State has awarded $73 million to economically distressed areas from the Needs Based Public School Capital Fund.
Mike Kennedy | Nov 20, 2019
North Carolina has awarded $73 million in grant funds for school construction in six economically distressed counties.
WRAL-TV reports that the money from the state’s Needs Based Public School Capital Fund will go to Camden, Graham, Hertford, Northampton, Rutherford and Wilson counties.
“This is the third year these funds have been made available to benefit our students and educators who have had to deal with outdated facilities,” says Mark Johnson, the state’s superintendent of public instruction. “These grants will help address our state’s need to replace old, outdated schools with better learning environments.“
Over the past three years, the has awarded a total of $242 million dollars to local school districts, resulting in 22 new schools or buildings and the replacement of 32 schools.
This year’s awards:
Camden County: $10 million to build a new Camden County High School that will also house Camden Early College High School ($33.3 million total project cost).

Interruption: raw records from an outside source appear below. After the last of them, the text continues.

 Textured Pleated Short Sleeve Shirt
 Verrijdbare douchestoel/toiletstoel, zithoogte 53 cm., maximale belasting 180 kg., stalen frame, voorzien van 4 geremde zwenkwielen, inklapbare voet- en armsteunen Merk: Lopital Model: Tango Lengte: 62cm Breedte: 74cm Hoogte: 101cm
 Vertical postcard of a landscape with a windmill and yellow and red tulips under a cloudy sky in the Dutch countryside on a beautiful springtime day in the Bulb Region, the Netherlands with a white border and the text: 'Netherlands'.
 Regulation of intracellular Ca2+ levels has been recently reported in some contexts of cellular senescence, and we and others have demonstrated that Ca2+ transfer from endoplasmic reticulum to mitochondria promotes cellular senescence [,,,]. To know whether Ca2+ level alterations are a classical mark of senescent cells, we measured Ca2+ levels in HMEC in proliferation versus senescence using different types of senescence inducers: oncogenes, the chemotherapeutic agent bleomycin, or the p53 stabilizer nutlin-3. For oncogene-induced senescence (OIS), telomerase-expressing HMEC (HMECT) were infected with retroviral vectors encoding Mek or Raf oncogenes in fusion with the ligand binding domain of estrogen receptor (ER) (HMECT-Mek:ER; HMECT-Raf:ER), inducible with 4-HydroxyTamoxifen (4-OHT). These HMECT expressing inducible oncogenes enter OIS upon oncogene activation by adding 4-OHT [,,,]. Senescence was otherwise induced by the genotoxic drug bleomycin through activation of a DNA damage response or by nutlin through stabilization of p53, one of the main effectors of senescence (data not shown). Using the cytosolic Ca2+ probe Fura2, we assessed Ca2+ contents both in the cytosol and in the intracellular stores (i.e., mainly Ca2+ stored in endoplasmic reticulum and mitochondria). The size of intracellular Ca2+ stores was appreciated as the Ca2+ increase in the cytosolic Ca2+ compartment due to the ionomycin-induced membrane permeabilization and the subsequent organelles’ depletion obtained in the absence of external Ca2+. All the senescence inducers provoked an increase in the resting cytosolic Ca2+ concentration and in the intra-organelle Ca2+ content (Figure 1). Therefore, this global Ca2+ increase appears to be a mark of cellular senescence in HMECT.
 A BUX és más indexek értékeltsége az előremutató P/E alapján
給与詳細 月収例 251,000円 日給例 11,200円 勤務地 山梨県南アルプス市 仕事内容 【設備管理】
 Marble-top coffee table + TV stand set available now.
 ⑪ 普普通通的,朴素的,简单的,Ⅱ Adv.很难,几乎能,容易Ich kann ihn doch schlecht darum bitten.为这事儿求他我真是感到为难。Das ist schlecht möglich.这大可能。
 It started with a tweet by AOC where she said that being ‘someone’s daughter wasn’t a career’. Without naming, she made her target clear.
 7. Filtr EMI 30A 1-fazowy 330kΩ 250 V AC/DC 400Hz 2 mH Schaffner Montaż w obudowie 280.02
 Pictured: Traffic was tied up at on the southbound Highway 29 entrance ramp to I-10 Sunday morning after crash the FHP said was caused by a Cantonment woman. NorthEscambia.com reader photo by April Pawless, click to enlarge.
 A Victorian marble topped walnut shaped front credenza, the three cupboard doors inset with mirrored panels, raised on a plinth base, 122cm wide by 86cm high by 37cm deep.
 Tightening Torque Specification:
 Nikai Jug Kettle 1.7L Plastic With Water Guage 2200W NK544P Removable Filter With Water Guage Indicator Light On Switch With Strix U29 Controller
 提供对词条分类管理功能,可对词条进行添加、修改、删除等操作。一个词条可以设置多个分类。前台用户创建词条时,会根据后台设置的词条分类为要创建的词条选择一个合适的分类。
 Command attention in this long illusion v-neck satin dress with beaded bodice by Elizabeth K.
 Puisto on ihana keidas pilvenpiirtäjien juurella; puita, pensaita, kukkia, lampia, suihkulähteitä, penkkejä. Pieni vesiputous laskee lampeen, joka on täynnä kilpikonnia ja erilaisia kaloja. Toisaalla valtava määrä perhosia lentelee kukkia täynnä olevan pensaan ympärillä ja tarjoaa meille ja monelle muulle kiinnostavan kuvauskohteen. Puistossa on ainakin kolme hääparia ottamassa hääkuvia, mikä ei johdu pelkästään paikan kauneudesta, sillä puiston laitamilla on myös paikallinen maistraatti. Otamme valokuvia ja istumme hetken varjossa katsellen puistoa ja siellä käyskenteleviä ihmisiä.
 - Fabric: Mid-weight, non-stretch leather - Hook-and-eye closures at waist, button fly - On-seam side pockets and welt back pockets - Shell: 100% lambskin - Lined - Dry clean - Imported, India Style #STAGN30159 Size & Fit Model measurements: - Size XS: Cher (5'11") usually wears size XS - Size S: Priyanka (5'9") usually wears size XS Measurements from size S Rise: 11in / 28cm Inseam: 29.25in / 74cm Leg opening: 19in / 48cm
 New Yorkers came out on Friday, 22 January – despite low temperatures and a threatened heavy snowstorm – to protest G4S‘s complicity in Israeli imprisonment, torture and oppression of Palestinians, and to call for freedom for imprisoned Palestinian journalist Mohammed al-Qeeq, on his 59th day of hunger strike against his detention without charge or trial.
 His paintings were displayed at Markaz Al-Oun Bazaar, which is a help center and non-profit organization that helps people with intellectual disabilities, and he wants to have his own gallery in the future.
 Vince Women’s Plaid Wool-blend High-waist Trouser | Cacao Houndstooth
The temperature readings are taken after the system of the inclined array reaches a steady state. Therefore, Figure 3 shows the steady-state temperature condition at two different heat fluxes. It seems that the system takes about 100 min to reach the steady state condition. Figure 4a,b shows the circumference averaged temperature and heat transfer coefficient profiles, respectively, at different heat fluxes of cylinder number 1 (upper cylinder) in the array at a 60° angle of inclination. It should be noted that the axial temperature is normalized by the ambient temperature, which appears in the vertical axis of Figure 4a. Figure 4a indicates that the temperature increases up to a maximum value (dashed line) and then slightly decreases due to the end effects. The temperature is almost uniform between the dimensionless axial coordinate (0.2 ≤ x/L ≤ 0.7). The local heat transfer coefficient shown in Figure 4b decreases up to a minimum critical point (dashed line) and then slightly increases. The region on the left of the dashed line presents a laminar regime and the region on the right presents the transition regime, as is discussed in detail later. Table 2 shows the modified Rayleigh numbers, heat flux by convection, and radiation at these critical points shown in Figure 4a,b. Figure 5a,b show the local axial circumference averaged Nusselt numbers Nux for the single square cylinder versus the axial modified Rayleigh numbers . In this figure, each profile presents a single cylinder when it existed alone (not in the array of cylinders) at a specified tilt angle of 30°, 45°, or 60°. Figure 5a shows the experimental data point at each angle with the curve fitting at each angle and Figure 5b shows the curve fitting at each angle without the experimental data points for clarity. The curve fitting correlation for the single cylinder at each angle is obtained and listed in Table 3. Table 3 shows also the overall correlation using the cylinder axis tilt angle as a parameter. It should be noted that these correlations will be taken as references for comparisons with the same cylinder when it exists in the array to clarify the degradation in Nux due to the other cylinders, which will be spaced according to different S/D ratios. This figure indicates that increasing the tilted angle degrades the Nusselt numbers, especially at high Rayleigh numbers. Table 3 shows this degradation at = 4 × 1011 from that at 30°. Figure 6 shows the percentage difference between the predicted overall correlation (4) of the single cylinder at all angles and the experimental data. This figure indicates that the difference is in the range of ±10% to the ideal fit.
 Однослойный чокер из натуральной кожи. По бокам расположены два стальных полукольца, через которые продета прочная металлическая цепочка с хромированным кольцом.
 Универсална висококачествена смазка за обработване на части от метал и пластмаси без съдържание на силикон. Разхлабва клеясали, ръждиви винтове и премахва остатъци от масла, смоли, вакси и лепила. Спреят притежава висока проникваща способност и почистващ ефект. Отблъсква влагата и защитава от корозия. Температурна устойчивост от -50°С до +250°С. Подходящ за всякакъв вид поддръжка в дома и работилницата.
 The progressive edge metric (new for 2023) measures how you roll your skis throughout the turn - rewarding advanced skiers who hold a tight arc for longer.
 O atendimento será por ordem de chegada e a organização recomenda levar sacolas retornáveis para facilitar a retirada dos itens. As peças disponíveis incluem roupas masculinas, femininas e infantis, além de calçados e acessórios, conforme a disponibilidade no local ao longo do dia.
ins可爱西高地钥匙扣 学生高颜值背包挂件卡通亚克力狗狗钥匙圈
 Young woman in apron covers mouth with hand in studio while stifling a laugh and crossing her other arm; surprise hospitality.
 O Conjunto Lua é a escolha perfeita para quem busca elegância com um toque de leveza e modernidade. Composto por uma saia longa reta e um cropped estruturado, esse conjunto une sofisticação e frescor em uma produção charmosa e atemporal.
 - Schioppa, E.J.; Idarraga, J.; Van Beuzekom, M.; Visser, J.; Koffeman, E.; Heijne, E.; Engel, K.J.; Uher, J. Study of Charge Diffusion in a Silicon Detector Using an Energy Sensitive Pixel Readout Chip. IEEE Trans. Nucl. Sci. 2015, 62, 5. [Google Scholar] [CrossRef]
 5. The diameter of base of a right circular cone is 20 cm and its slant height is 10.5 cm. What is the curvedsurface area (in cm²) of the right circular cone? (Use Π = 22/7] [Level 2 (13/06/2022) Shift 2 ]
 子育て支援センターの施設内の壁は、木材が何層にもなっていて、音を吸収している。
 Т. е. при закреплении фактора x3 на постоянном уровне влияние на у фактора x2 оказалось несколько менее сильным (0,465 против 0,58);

Graham County: $3.2 million to build an addition to Robbinsville Middle School to house 6th grade and other renovations to the existing middle/high school building space to accommodate the 6th grade addition ($4.2 million total project cost).
Hertford County: $15 million to build a new Ahoskie Elementary School. It will have areas for after-hours community activities. ($20 million total project cost).
Northampton County: $15 million for a new Northampton High School adjacent to the county recreation department that would share field, gymnasium and parking with the county facility ($34.7 million total project cost).
Rutherford County: $15 million for a new Rutherford-Spindale Middle School to replace the existing 94-year old school building. ($35 million total project cost).
Wilson County: $15 million to expand the Wilson County Schools Early College of Applied Technology Academy. The academy will move from shared space in an existing high school to a new 75,000-square-foot facility on the Wilson Community College Technology campus. ($20 million total project cost).
The state legislature created the fund to help school districts in lower-wealth counties that have critical public school building capital needs.The money comes from proceeds from the North Carolina Education Lottery.